[Source material]:

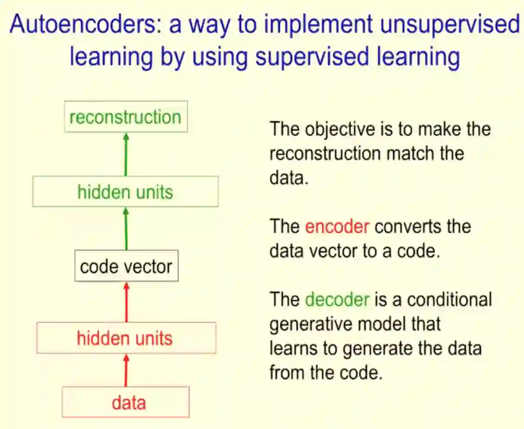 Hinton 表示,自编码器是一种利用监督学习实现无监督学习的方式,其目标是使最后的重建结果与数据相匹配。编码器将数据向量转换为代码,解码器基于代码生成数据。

...

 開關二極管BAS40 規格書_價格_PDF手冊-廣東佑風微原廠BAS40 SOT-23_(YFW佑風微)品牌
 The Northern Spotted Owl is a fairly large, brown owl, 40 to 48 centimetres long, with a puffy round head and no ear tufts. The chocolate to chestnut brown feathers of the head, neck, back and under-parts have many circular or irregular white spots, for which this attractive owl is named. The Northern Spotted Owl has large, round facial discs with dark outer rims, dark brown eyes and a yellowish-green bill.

--

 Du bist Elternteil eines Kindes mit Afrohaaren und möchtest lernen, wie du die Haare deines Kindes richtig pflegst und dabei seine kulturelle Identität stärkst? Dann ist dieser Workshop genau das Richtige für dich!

[What is being asked]: In the entries above, the lines from the one bearing "開關二極管BAS40 規格書_價格_PDF手冊-廣東佑風微原廠BAS40 SOT-23_(YFW佑風微)品牌" up to and including the one bearing "The Northern Spotted Owl is" should be transcribed exactly; no other line is wanted.

[Written response]:
 開關二極管BAS40 規格書_價格_PDF手冊-廣東佑風微原廠BAS40 SOT-23_(YFW佑風微)品牌
 The Northern Spotted Owl is a fairly large, brown owl, 40 to 48 centimetres long, with a puffy round head and no ear tufts. The chocolate to chestnut brown feathers of the head, neck, back and under-parts have many circular or irregular white spots, for which this attractive owl is named. The Northern Spotted Owl has large, round facial discs with dark outer rims, dark brown eyes and a yellowish-green bill.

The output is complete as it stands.